▽

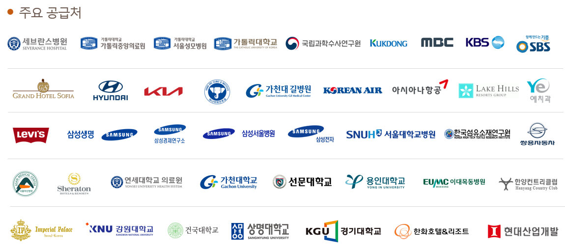 국내의 유명 종합병원, 다수의 로컬 병의원, 대기업, 방송사
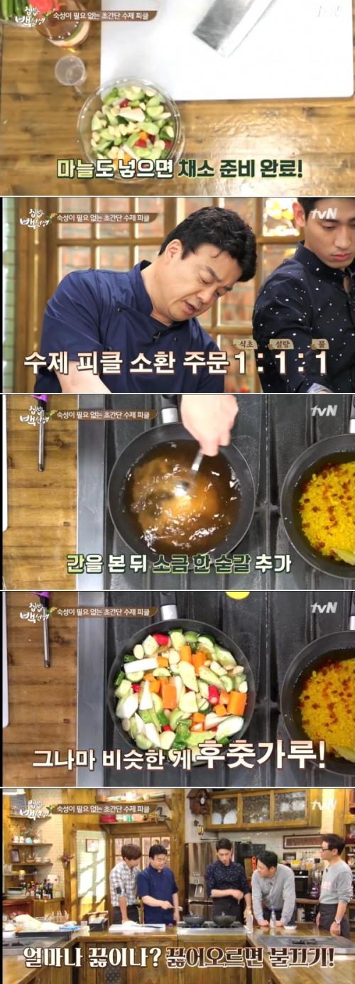 백종원은 "원래는 피클을 만드는데 여러 향신료가 필요하지만 집에 그런 것이 있을리가 없으니 간단하게 통후추와 계피가루를 살짝 넣으면 된다"고 밝혔다.
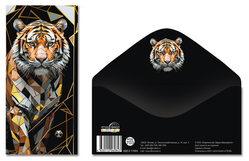 КДС2-17053 Конверт для денег на склейке. Тигр (без надписи, золотая фольга)
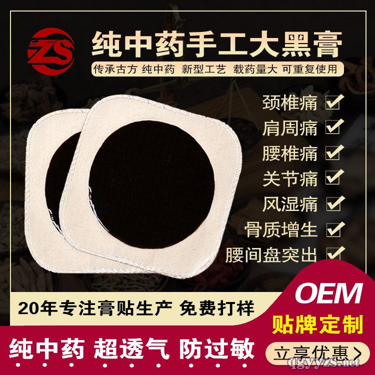 | 產(chǎn)品用途 | 山東皇圣堂藥業(yè)有限公司膏藥生產(chǎn)廠家現(xiàn)面向全國承接黑膏藥醫(yī)用冷敷貼貼牌加工業(yè)務(wù);适ヌ煤诟嗨庍\(yùn)用中醫(yī)貼敷療法透皮技術(shù),通過貼于體表的膏藥刺激末梢神經(jīng),進(jìn)而反射擴(kuò)張血管,促進(jìn)局部血液循環(huán),激活細(xì)胞組織,松弛血管平滑肌,增強(qiáng)血管自身節(jié)律性運(yùn)動(dòng)的作用,從而改善周圍組織營養(yǎng),產(chǎn)生消炎、止痛、活血化瘀、通經(jīng)走絡(luò)、開竅透骨、祛風(fēng)除濕、防止復(fù)發(fā)的治療目的。同時(shí)黑膏藥醫(yī)用冷敷貼中的藥物機(jī)制在患處通過皮膚滲透達(dá)皮下組織,在局部產(chǎn)生藥物濃的相對(duì)優(yōu)勢(shì),從而發(fā)揮較強(qiáng)的藥理作用。 |

△

- _WORK REQUIRED_
Everything in the preceding material must be transcribed exactly, except the images.

- _SOLUTION FOR THIS TASK_
 국내의 유명 종합병원, 다수의 로컬 병의원, 대기업, 방송사
 백종원은 "원래는 피클을 만드는데 여러 향신료가 필요하지만 집에 그런 것이 있을리가 없으니 간단하게 통후추와 계피가루를 살짝 넣으면 된다"고 밝혔다.
 КДС2-17053 Конверт для денег на склейке. Тигр (без надписи, золотая фольга)
 | 產(chǎn)品用途 | 山東皇圣堂藥業(yè)有限公司膏藥生產(chǎn)廠家現(xiàn)面向全國承接黑膏藥醫(yī)用冷敷貼貼牌加工業(yè)務(wù);适ヌ煤诟嗨庍\(yùn)用中醫(yī)貼敷療法透皮技術(shù),通過貼于體表的膏藥刺激末梢神經(jīng),進(jìn)而反射擴(kuò)張血管,促進(jìn)局部血液循環(huán),激活細(xì)胞組織,松弛血管平滑肌,增強(qiáng)血管自身節(jié)律性運(yùn)動(dòng)的作用,從而改善周圍組織營養(yǎng),產(chǎn)生消炎、止痛、活血化瘀、通經(jīng)走絡(luò)、開竅透骨、祛風(fēng)除濕、防止復(fù)發(fā)的治療目的。同時(shí)黑膏藥醫(yī)用冷敷貼中的藥物機(jī)制在患處通過皮膚滲透達(dá)皮下組織,在局部產(chǎn)生藥物濃的相對(duì)優(yōu)勢(shì),從而發(fā)揮較強(qiáng)的藥理作用。 |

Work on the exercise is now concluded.